For Christmas I get to pick my MIL up from the airport. Yeah, that will be fun, but the kids will have a great day. Thankfully we still have gravy in the house and the kidlets are back to school today. I made bread, too, and I think a nice bit of turkey on my homemade bread with gravy will give me a nice quiet lunch today as I’m working to pump up my NaNo word count and wishing for peace on earth and good will toward all.

I’m with you about Tiger Woods. It’s a Mystery. Thanks for the chuckle.

On November 30, 2009 at 9:33 am Marta said...

Thanks, Steph. Now, all I can think about it hot turkey sandwiches on homemade bread. With a side of mashed potato. That’ll stay in my head all week. :)

On November 30, 2009 at 9:35 am Laura said...

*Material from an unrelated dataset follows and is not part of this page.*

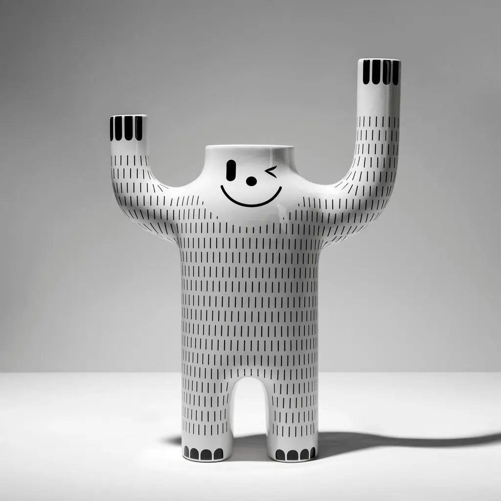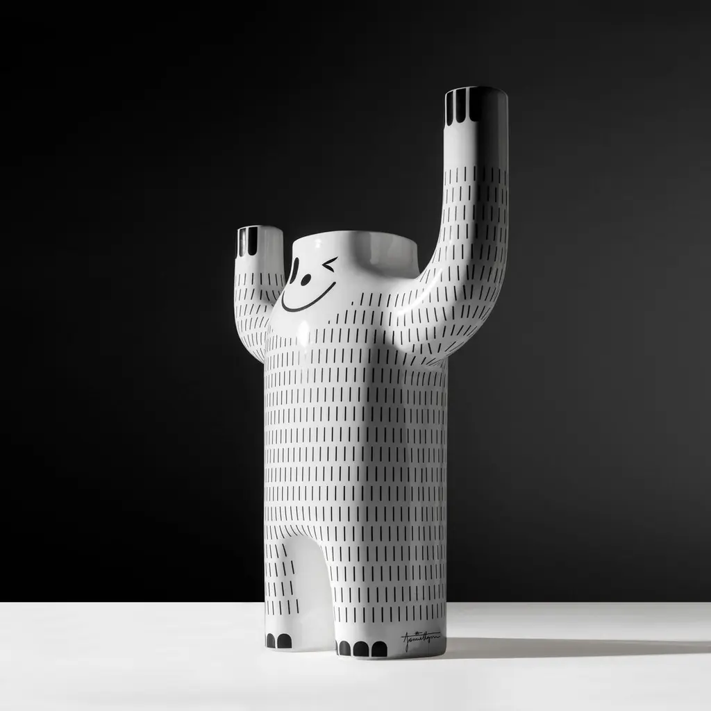 Contemporary happy yeti by Jaime Hayon.Manufactured by BD Barcelona (Spain).Glazed ceramic vase in white with decorations in black.Measures: 14 D x 33 W x 47 H cm10 D x 24 W x 34 H cm.

My Christmas wish list is a cabinet to hold the china and other table related stuff that is currently hogging space on my bookshelves and preventing me from shelving the growing piles of books. I guess I should add more bookcases as well.

On November 30, 2009 at 9:56 am Elisabeth Crisp said...

We have LPS monopoly. My girls are Chinese adoptees. Last summer, their two best friends, Ethiopian adoptees, came over for a play date. We had an international financial summit for 8-10 year olds around my kitchen table. Tim Geithner and Ben Bernanke could have learned a lot from the negotiations over Park Place.

On November 30, 2009 at 11:03 am hollygee said...

We just learned that we’re getting Chips, the fifteen year old cat, a tooth extraction for Christmas. This is not what I’d been planning, but we’re in good shape otherwise. Pets and cars always demand attention when the budget loosens up enough to add to savings.

On November 30, 2009 at 11:08 am Merry the CB said...

I must need more coffee.
I saw the title “Random Thanksgiving” and immediately thought this was a synonym for “Random Harvest” with maybe Wolfie playing the part of Ronald Coleman, which means that he gets amnesia and forgets who he is, while you get stuck playing Greer Garson and being noble and resisting the urge to whack him upside the head which even if it didn’t fix his memory would still be quite satisfying because his character really was quite irritating in that movie.
Definitely need more caffeine before reading blogs.

On November 30, 2009 at 11:51 am McB said...

And I thought it was just me. Except for some reason I saw “Random Thanksgiving” and thought (I have no idea why) “Children of The Corn” and got really worried about Lani and Jenny, except Jenny was posting so she apparently survived.

My Thanksgiving was lovely. When I’m in charge of the universe, any day now, all weekends will be 4 days long, minimum. Five days if I like you.

On November 30, 2009 at 11:22 am Kate George said...

Thanksgiving was wonderful. We have a foreign exchange student from Belgium living with us for a year. She’s wonderful (Thank Goodness) and when it came to her turn to say what she was thankful for she made us all cry – partially because she was crying herself and partially because she was thankful to be living with us. That’s a mini miracle.

I fake the gravy by using the stuff from the grocery and putting the drippings in it. I know it’s awful, but really I’m not a cook. They crew is lucky if nothing is burned and all their favorite dishes appear on the table. So in my eyes Thanksgiving was a success.

What I want for Christmas – well I’m greedy and I don’t want you all to know it – so I’ll only put down the important things. I want to finish California Schemin’ before Christmas. Not going to happen – well maybe – a small possibility if I focus, focus, focus. Just the first draft. So I’ll have three months to edit it into shape.

I also want Jen Enderline as an editor. She just sounds so fabulous. Not that I don’t like my editor – she’s perfectly wonderful. But there is only one J.E.

The most important Christmas wish is that I can get my kids a few nice things for Christmas without breaking the bank and having to catch up for the following year. It’s a challenge, and I’m in this one on my own as my dh likes to pretend that Christmas doesn’t exist until the day of, and then he complains that he doesn’t like what Santa put in his stocking. (Did I actually SAY that? Well yes I did, must be getting tired of being in charge of EVERYONE’s Christams expectations. Sorry – but you notice I’m not deleting it.) So if anyone has any fabulous, but not too expensive gift ideas I’d love to hear them!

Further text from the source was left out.